▶ Task prompt:
Leave out the pictures and output exactly the lines below from the one with "中新網(wǎng)4月16日" down to the one with "Studio : Excellante", both of them included.

▶ Dataset content:
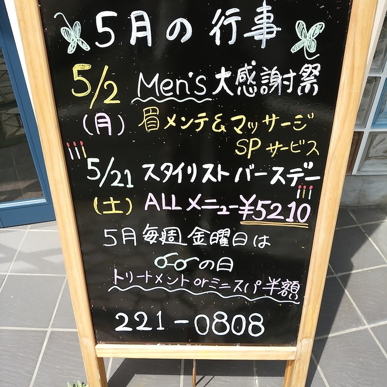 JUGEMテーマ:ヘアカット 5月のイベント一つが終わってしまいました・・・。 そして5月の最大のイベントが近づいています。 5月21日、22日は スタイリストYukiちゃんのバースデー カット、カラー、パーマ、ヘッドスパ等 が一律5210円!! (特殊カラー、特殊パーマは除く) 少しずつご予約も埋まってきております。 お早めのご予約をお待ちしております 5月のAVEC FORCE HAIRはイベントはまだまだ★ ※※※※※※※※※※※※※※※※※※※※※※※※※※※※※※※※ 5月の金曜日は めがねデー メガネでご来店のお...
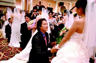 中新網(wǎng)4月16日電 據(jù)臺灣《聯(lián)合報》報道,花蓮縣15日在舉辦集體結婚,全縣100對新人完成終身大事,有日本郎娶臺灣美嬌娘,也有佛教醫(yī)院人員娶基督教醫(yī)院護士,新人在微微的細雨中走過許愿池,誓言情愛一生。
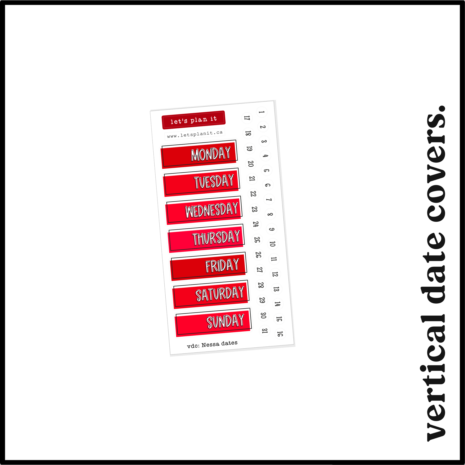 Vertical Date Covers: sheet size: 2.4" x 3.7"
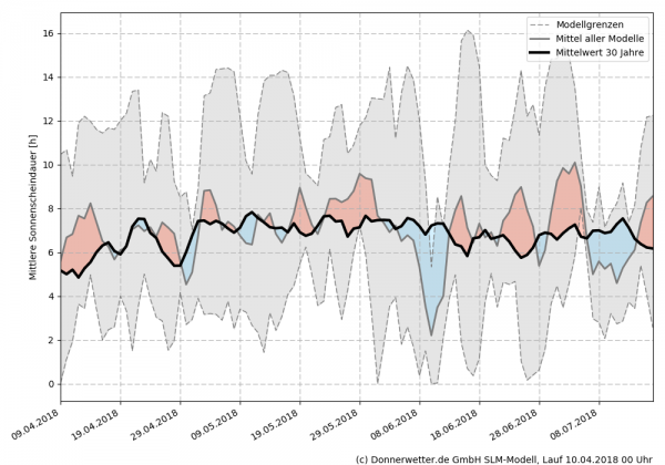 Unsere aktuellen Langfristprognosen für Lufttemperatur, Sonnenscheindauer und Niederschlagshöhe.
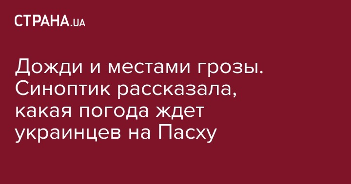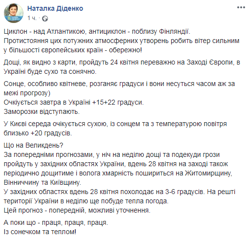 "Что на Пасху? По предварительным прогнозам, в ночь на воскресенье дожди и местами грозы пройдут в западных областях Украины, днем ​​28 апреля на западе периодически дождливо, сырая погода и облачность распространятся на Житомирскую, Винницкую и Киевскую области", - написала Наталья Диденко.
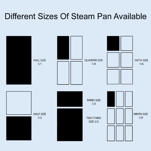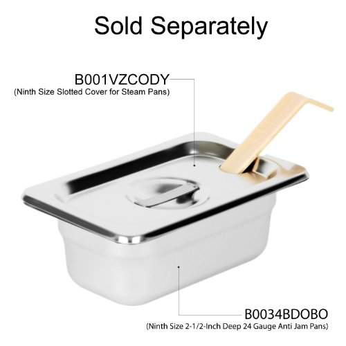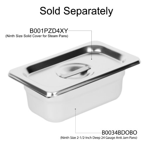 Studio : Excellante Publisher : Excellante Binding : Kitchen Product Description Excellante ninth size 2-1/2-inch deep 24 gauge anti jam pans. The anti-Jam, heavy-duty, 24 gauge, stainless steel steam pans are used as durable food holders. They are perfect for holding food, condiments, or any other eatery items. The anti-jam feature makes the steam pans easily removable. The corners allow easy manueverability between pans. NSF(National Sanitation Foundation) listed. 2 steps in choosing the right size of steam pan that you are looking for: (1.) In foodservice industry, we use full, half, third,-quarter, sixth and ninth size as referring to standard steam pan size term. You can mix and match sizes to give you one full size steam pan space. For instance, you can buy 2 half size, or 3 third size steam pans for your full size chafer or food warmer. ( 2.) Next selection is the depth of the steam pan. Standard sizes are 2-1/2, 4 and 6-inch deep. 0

---

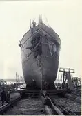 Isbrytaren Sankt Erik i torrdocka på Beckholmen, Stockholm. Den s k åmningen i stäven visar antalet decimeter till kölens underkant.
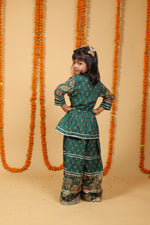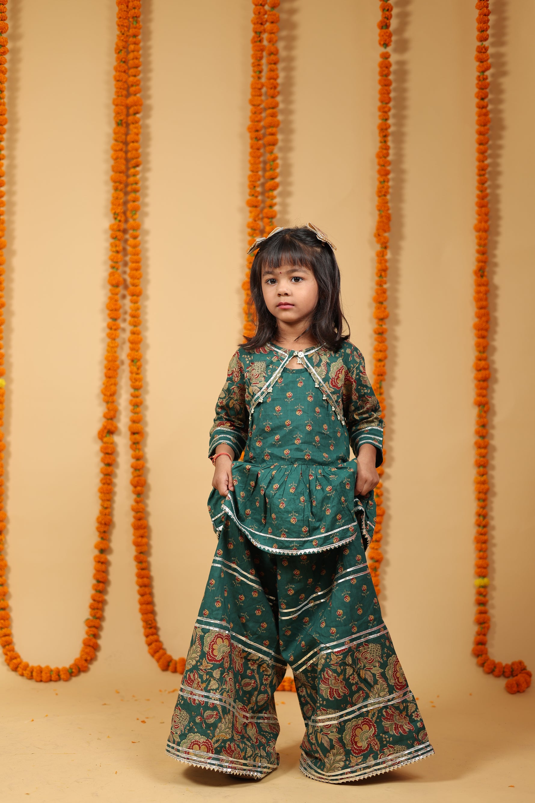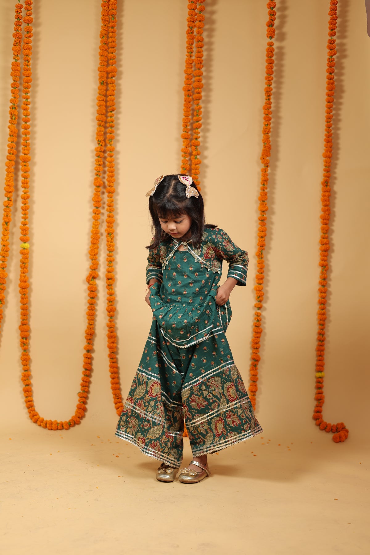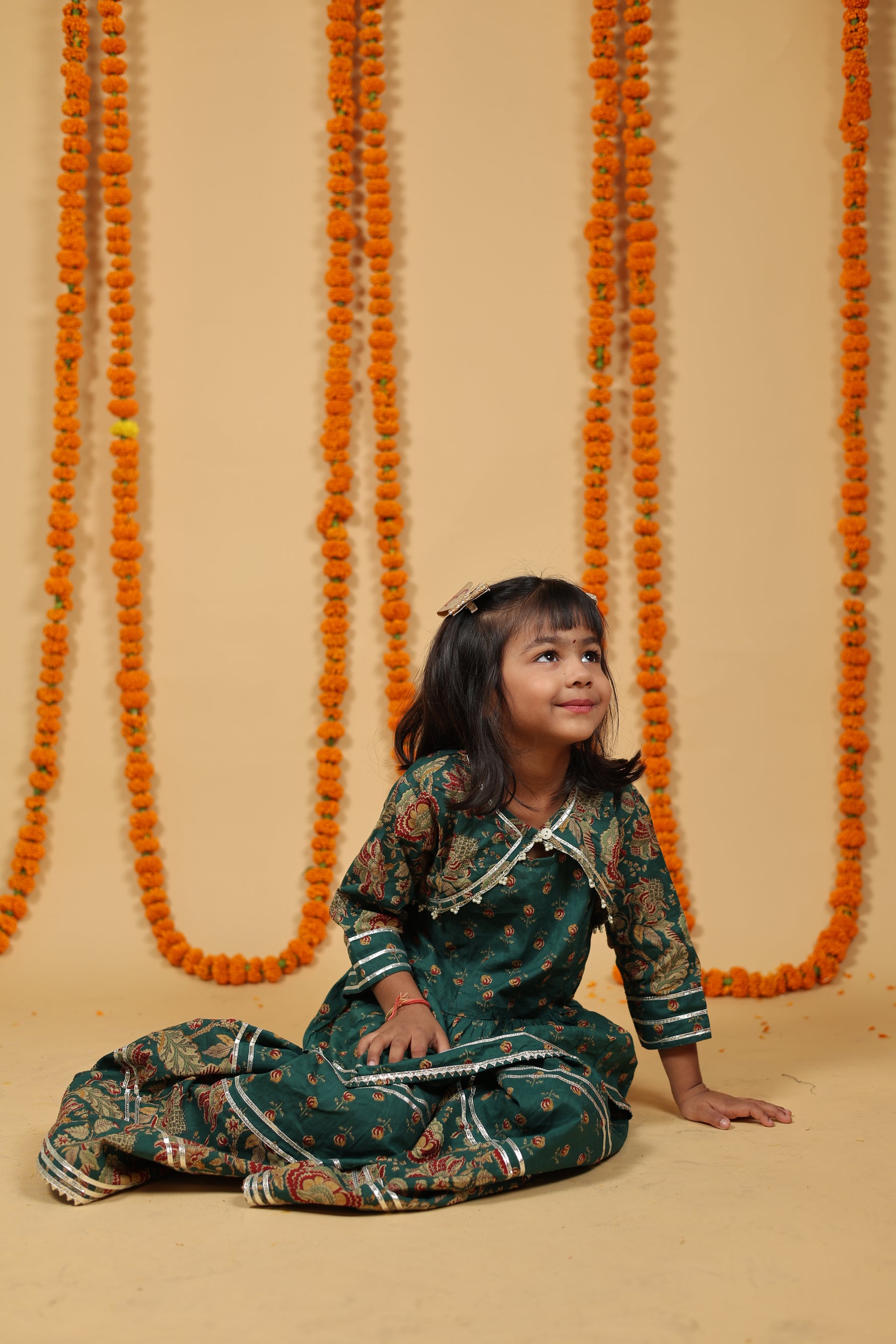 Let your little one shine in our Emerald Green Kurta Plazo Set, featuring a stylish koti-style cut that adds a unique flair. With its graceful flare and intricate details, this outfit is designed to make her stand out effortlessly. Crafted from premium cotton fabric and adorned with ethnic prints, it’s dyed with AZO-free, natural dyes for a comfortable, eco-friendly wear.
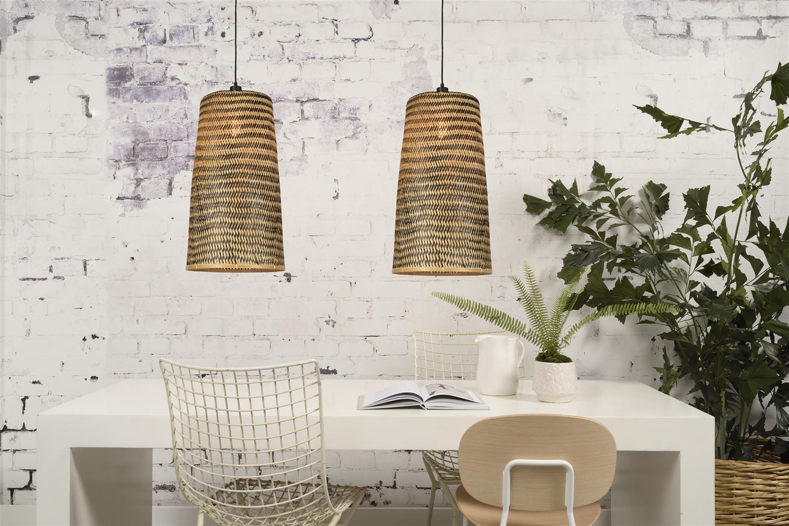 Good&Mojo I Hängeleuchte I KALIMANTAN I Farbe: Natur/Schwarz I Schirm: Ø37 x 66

▶ Response for this exercise:
 中新網(wǎng)4月16日電 據(jù)臺灣《聯(lián)合報》報道,花蓮縣15日在舉辦集體結婚,全縣100對新人完成終身大事,有日本郎娶臺灣美嬌娘,也有佛教醫(yī)院人員娶基督教醫(yī)院護士,新人在微微的細雨中走過許愿池,誓言情愛一生。
 Vertical Date Covers: sheet size: 2.4" x 3.7"
 Unsere aktuellen Langfristprognosen für Lufttemperatur, Sonnenscheindauer und Niederschlagshöhe.
 "Что на Пасху? По предварительным прогнозам, в ночь на воскресенье дожди и местами грозы пройдут в западных областях Украины, днем ​​28 апреля на западе периодически дождливо, сырая погода и облачность распространятся на Житомирскую, Винницкую и Киевскую области", - написала Наталья Диденко.
 Studio : Excellante Publisher : Excellante Binding : Kitchen Product Description Excellante ninth size 2-1/2-inch deep 24 gauge anti jam pans. The anti-Jam, heavy-duty, 24 gauge, stainless steel steam pans are used as durable food holders. They are perfect for holding food, condiments, or any other eatery items. The anti-jam feature makes the steam pans easily removable. The corners allow easy manueverability between pans. NSF(National Sanitation Foundation) listed. 2 steps in choosing the right size of steam pan that you are looking for: (1.) In foodservice industry, we use full, half, third,-quarter, sixth and ninth size as referring to standard steam pan size term. You can mix and match sizes to give you one full size steam pan space. For instance, you can buy 2 half size, or 3 third size steam pans for your full size chafer or food warmer. ( 2.) Next selection is the depth of the steam pan. Standard sizes are 2-1/2, 4 and 6-inch deep. 0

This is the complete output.